Secondary Duration of Response (DoR) The DoR was defined as the time from the date of first documented response until the first date of documented progression or death in the absence of disease progression. The DoR was determined by Investigator assessments according to RECIST v1.1. PD was defined as at least a 20% increase in the sum of diameters of target lesions and an absolute increase of at least 5 millimeter (mm) or progression of non-target lesions or the appearance of a new lesion Tumour scans performed at baseline then every ~8 weeks up to 48 weeks, then every ~12 weeks thereafter until confirmed disease progression. Assessed up to a maximum of approximately 3 years.

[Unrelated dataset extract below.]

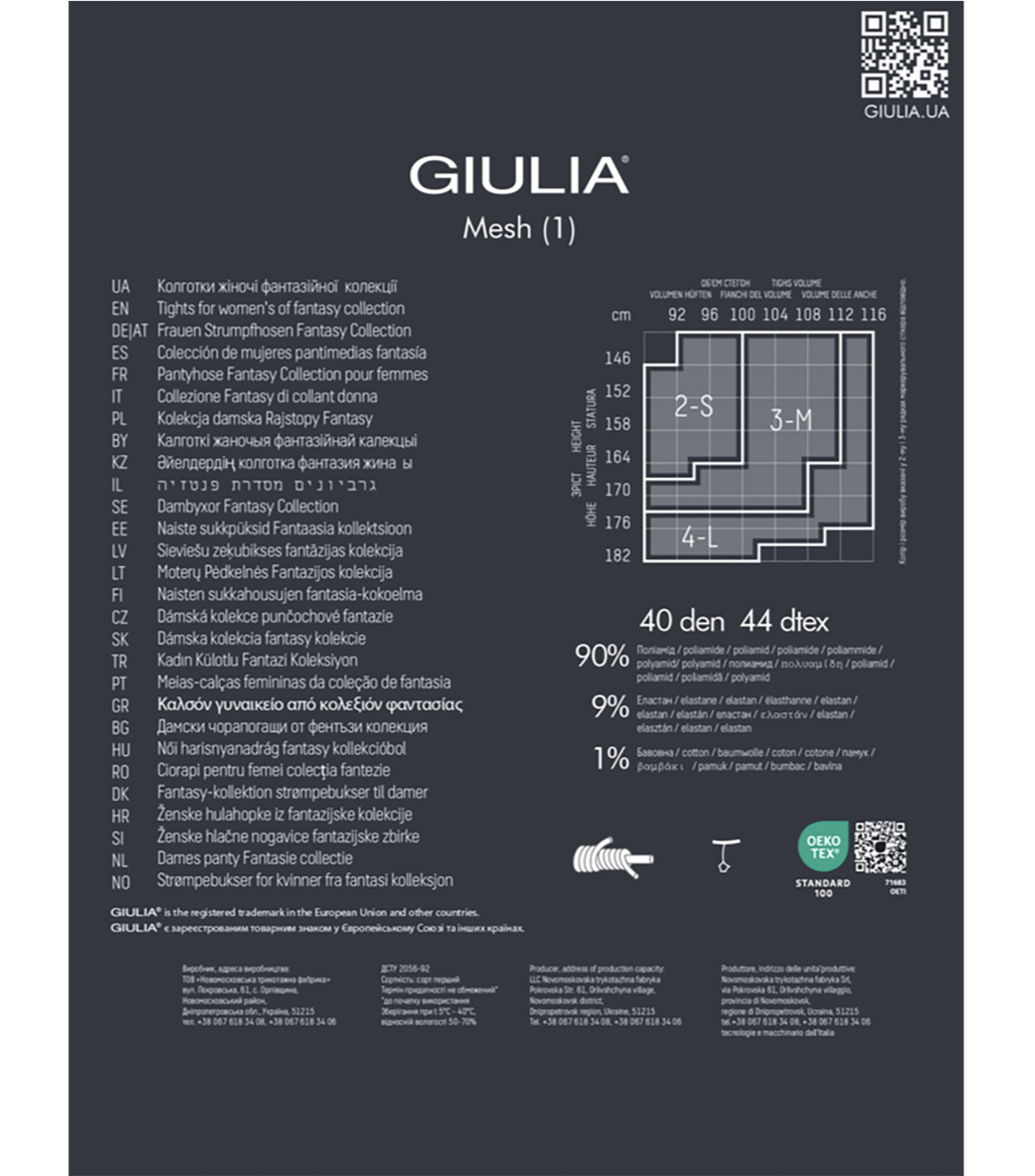 Состав: 90% - полиамид, 9% - эластан, 1% - хлопок

Secondary Percentage of Participants Alive and Progression Free at 6 Months (APF6) The APF6 was defined as the percentage of participants who were alive and progression free per RECIST v1.1 at 6 months after randomization per Kaplan-Meier estimate of PFS at 6 months. PD was defined as at least a 20% increase in the sum of diameters of target lesions and an absolute increase of at least 5 millimeter (mm) or progression of non-target lesions or the appearance of a new lesion Tumour scans performed at baseline then every ~8 weeks up to 6 months
Secondary Percentage of Participants Alive and Progression Free at 12 Months (APF12) The APF12 was defined as the percentage of participants who were alive and progression free per RECIST v1.1 at 12 months after randomization per Kaplan-Meier estimate of PFS at 12 months. PD was defined as at least a 20% increase in the sum of diameters of target lesions and an absolute increase of at least 5 millimeter (mm) or progression of non-target lesions or the appearance of a new lesion Tumour scans performed at baseline then every ~8 weeks up to 12 months.

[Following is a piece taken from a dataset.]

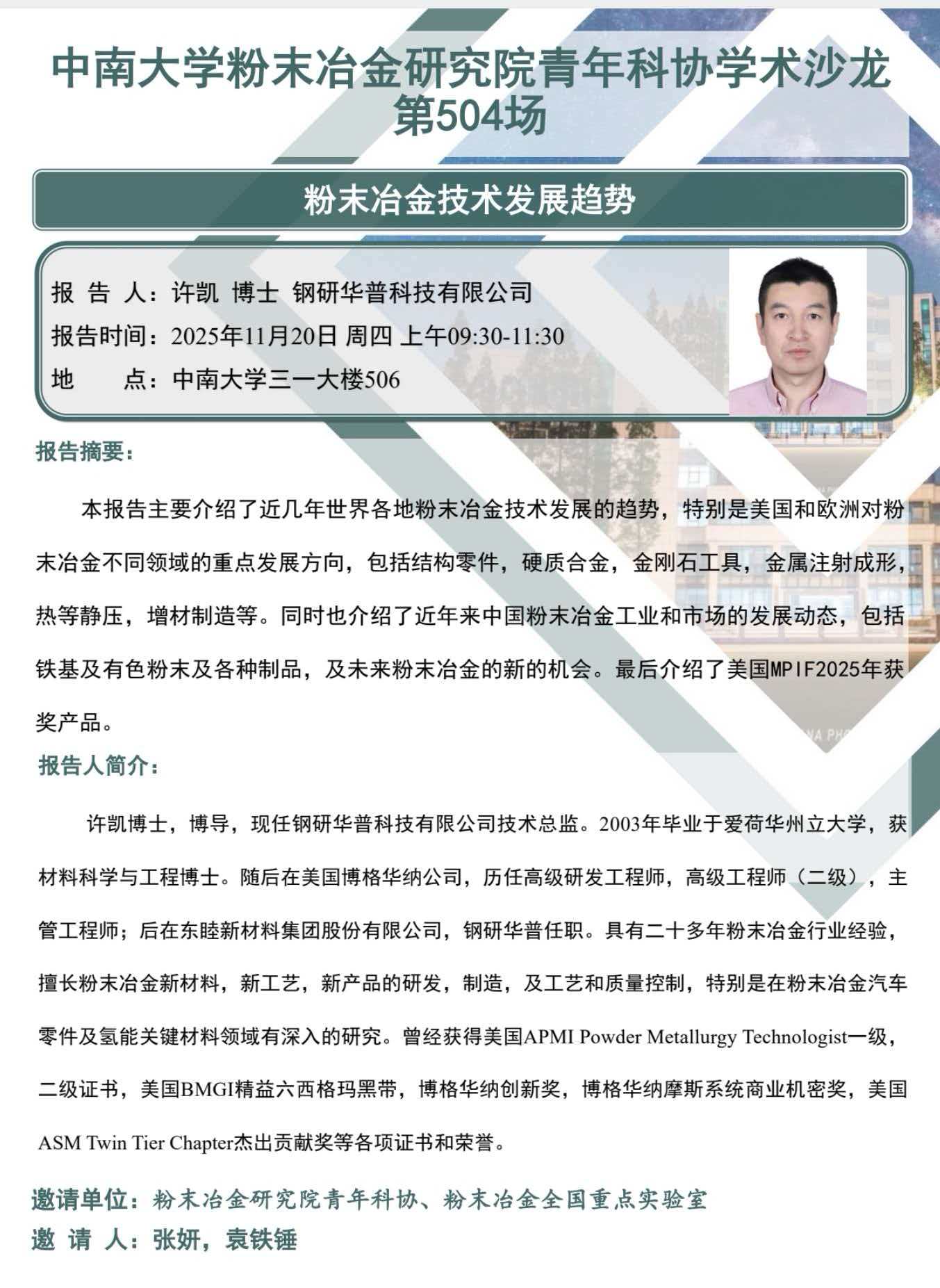 许凯博士,博导,现任钢研华普科技有限公司技术总监。2003年毕业于爱荷华州立大学,获材料科学与工程博士。随后在美国博格华纳公司,历任高级研发工程师,高级工程师(二级),主管工程师;后在东睦新材料集团股份有限公司,钢研华普任职。具有二十多年粉未冶金行业经验擅长粉末冶金新材料,新工艺,新产品的研发,制造,及工艺和质量控制,特别是在粉未冶金汽车零件及氢能关键材料领域有深入的研究。曾经获得美国APMIPowder Metallurgy Technologist一级二级证书,美国BMGI精益六西格玛黑带,博格华纳创新奖,博格华纳摩斯系统商业机密奖,美国ASM Twin Tier Chapter杰出贡献奖等各项证书和荣誉。

Secondary Time From Randomisation to Second Progression (PFS2) of Sub-study B The PFS2 was defined as the time from the date of randomization to the earliest of the progression event subsequent to that used for the PFS endpoint or death and determined by local standard clinical practice and have included any of the following: objective radiological, symptomatic progression, or death. PFS2 was reported for sub-study B only. Tumour scans performed at baseline then every ~8 weeks up to 48 weeks, then every ~12 weeks thereafter until first progression. Disease then assessed per local practice until 2nd progression. Assessed up to a maximum of approximately 3 years.